------ Exercise input ------

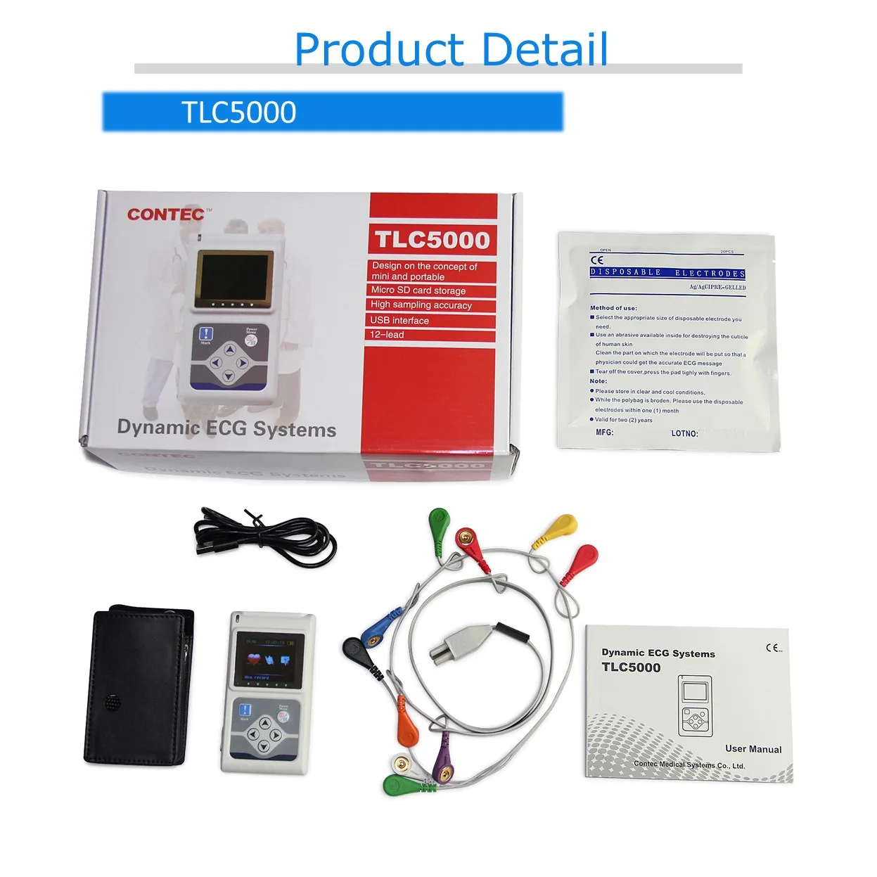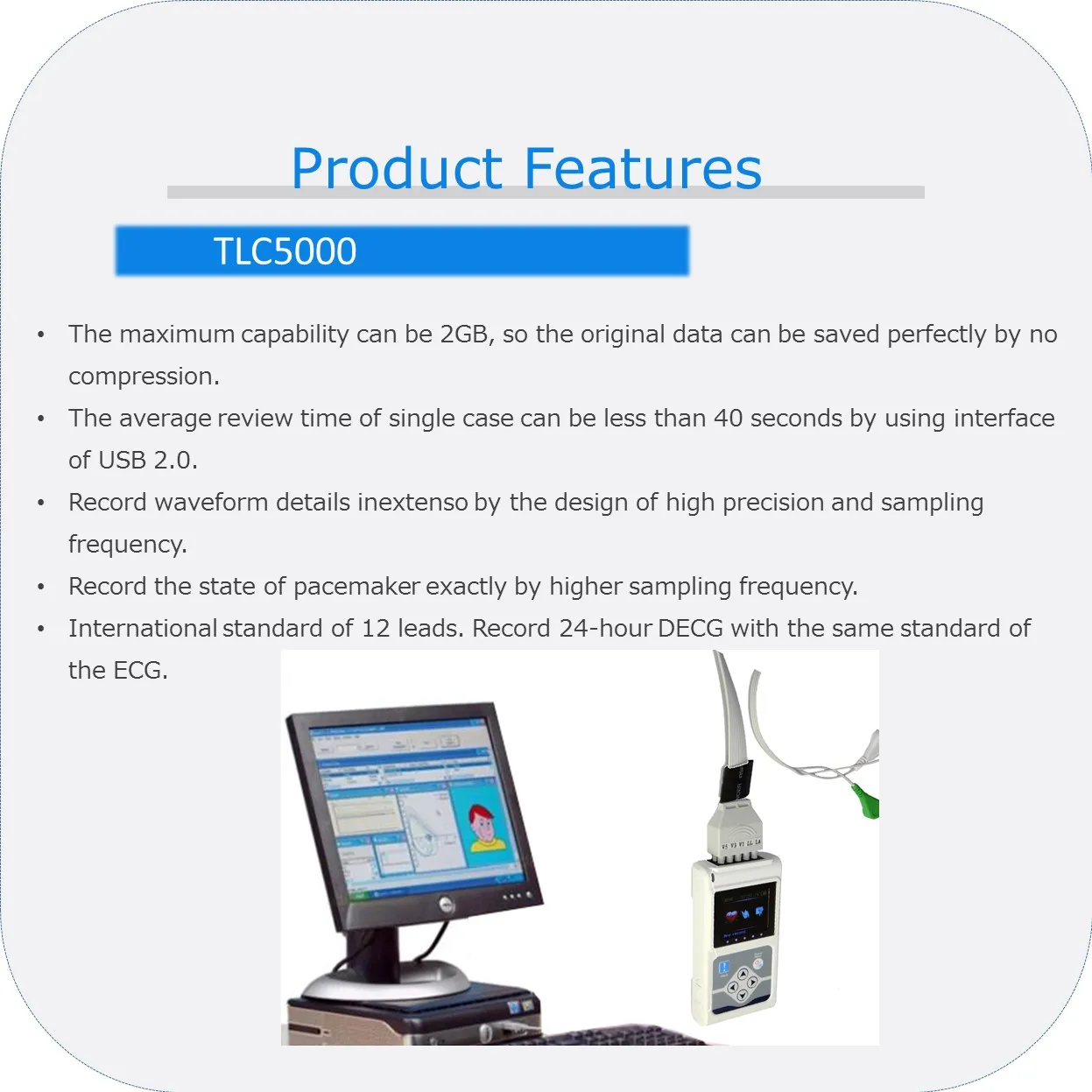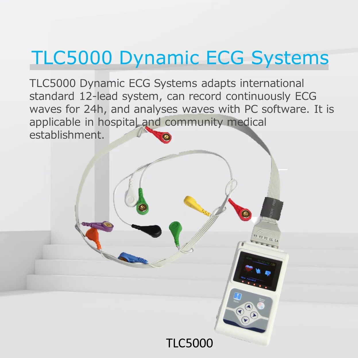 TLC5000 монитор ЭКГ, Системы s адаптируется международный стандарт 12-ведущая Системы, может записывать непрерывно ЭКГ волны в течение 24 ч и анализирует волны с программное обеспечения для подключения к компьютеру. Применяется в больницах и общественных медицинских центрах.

------
------ Exercise input ------

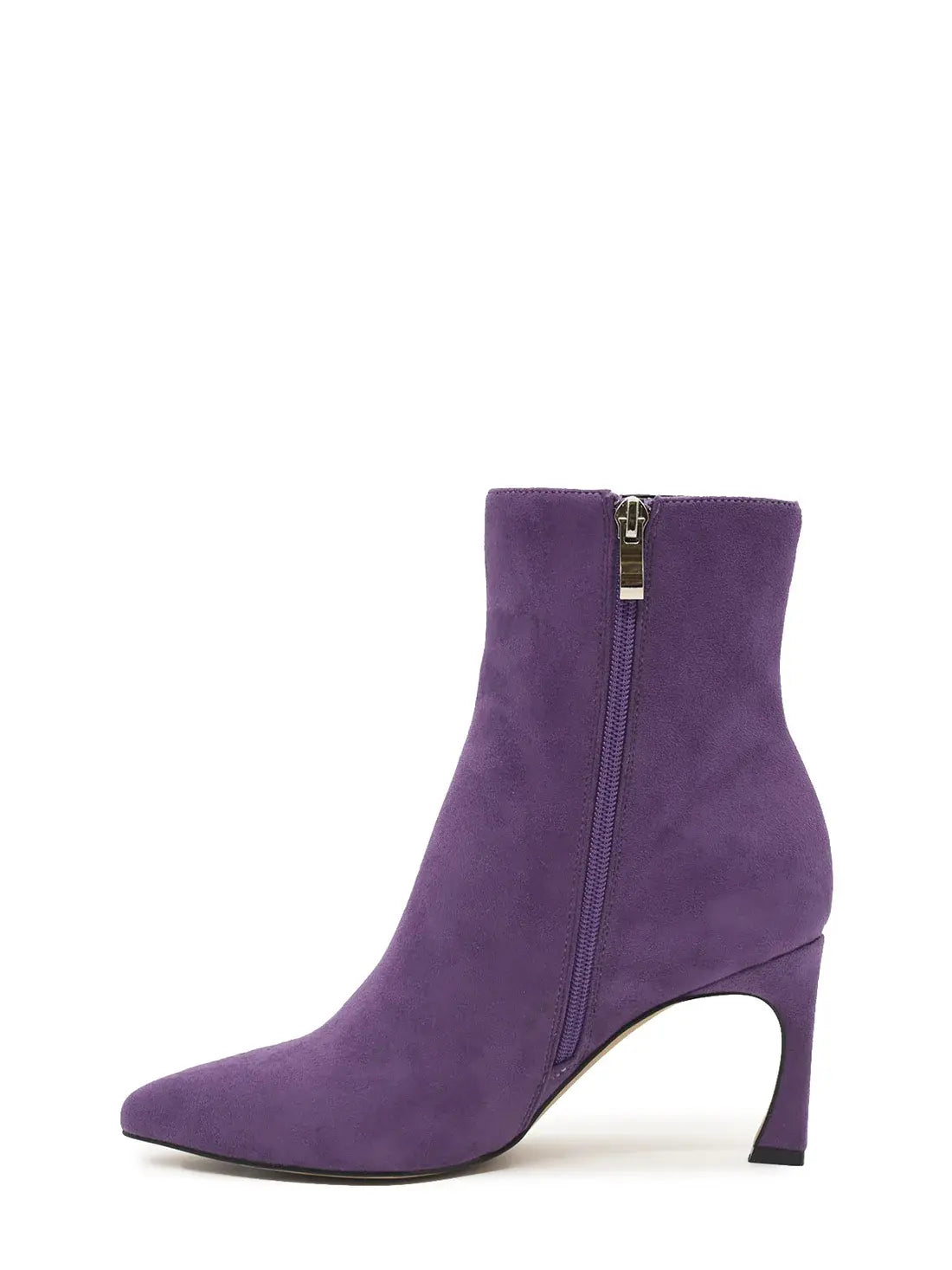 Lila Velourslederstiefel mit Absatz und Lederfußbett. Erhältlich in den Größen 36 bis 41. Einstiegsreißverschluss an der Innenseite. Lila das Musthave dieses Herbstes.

------
------ Exercise input ------

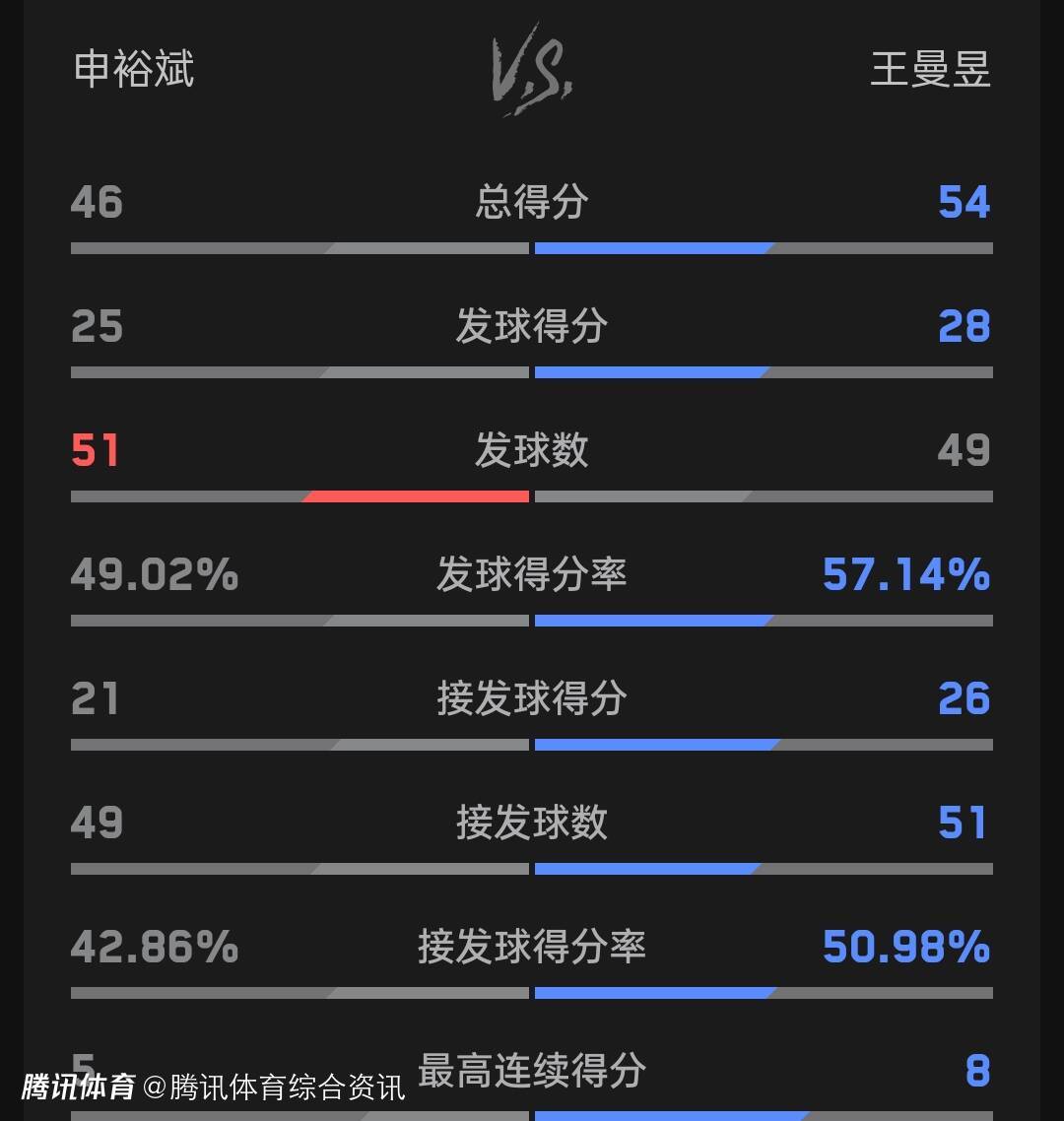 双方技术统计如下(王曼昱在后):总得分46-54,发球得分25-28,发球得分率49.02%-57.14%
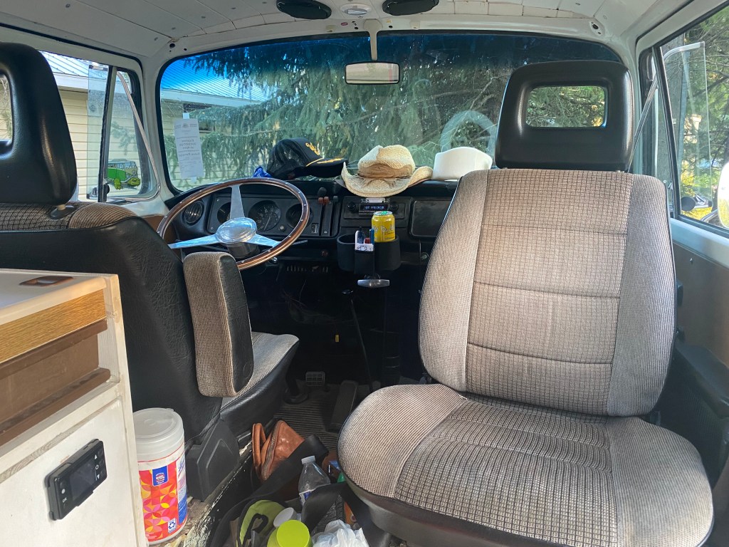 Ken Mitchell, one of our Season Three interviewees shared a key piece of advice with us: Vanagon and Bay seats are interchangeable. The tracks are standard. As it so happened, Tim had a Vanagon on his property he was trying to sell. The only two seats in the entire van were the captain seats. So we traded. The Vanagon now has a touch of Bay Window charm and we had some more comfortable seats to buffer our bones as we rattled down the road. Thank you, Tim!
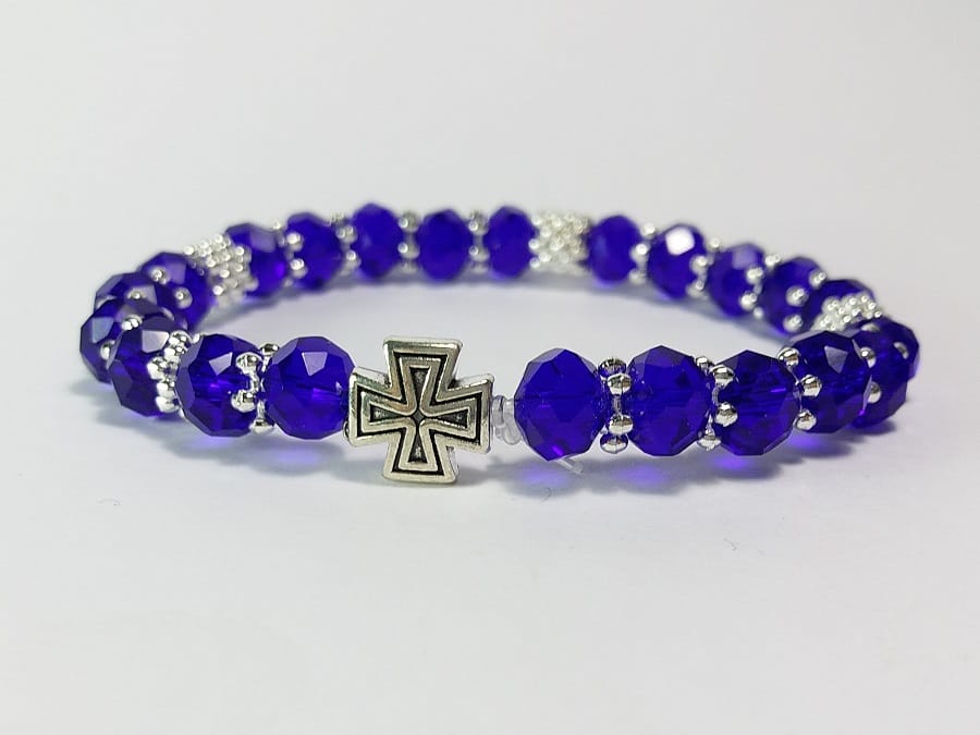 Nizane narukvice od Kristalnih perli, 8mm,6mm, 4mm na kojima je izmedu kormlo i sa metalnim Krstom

------

• [Your instructions]
A clean copy is needed of the lines above from the one with "双方技术统计如下(王曼昱在后" up to and including the one with "Nizane narukvice od". Please set it down exactly, with no pictures.

• [Task result]
 双方技术统计如下(王曼昱在后):总得分46-54,发球得分25-28,发球得分率49.02%-57.14%
 Ken Mitchell, one of our Season Three interviewees shared a key piece of advice with us: Vanagon and Bay seats are interchangeable. The tracks are standard. As it so happened, Tim had a Vanagon on his property he was trying to sell. The only two seats in the entire van were the captain seats. So we traded. The Vanagon now has a touch of Bay Window charm and we had some more comfortable seats to buffer our bones as we rattled down the road. Thank you, Tim!
 Nizane narukvice od Kristalnih perli, 8mm,6mm, 4mm na kojima je izmedu kormlo i sa metalnim Krstom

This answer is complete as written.